Re: Accessing an array of pointers in 6502
by on (#238762)
The compiler's code for this particular case is not bad. It can only be optimized by the things you listed, the redundant Y load and using your own pointer directly.
Re: Accessing an array of pointers in 6502
by on (#238768)
If CurrentDataIndex cannot exceed 127:
Code:
  lda _CurrentDataIndex
  asl a
  tax
  lda _AllData+0,x
  sta _CurrentData+0
  lda _AllData+1,x
  sta _CurrentData+1


Otherwise, this is how I'd write it:
Code:
  ; cc65 makes 18 bytes of ZP variables available for callees' use:
  ; ptr1-ptr4 (2 bytes each), tmp1-tmp4 (1 byte each),
  ; regsave (4 bytes), and sreg (2 bytes)
  ; https://github.com/cc65/wiki/wiki/Using-runtime-zeropage-locations-in-assembly-language
  .importzp ptr1

  ; Multiply map position (20*Y+X) by
  ; sizeof(const byte *) which equals 2
  lda _CurrentDataIndex+0
  asl a
  tay         ; low byte goes to Y
  lda _CurrentDataIndex+1
  rol a
  sta ptr1+1  ; high byte goes here

  ; Add the base address of world map array
  lda #<AllData
  sta ptr1+0
  clc
  lda ptr1+1
  adc #>AllData
  sta ptr1+1

  ; Read the pointer from the world map
  lda (ptr1),y
  sta _CurrentData+0
  iny
  lda (ptr1),y
  sta _CurrentData+1
Re: Accessing an array of pointers in 6502
by on (#238769)
Yeah, you can save a little bit of time by putting the low byte of the doubled offset in Y and letting the CPU's indexing do the addition for you, instead of calculating the compete pointer and loading Y with 0, but that's probably as far as you can go when optimizing the generic case.

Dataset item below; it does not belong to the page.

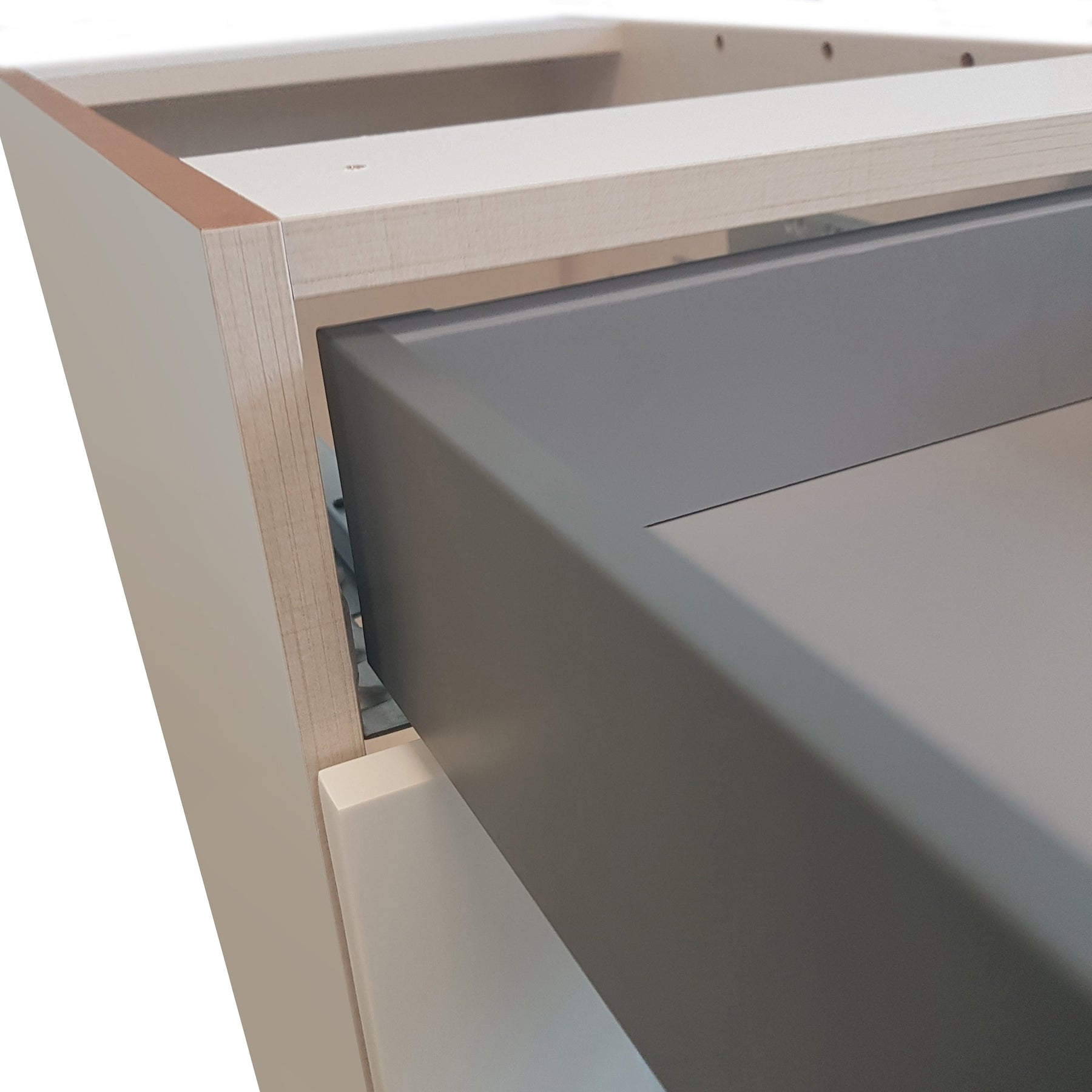 A: The soft-close metal drawers glide smoothly on full-extension tracks, preventing slamming and providing quiet, controlled closure.

You can probably get rid of that CLC too, since the index can only go up to 32767, so the carry would always be clear after shifting that left. Unless you're using that bit for something else, of course.
Re: Accessing an array of pointers in 6502
by on (#239125)
Thanks for the generic function and the optimization.

It turns out that cc65 produces even smaller code than the handwritten Assembly version due to using some internal subroutines (ldaxi, aslax).
Since speed is not an issue (I only use this kind of pointer array access with interger index during the screen buildup) and therefore, I can swallow two additional JSR/RTS, I will simply keep the C version for less ROM space usage after all.

But it was still very informative. (For example, I now know how to double an unsigned integer variable in Assembly.)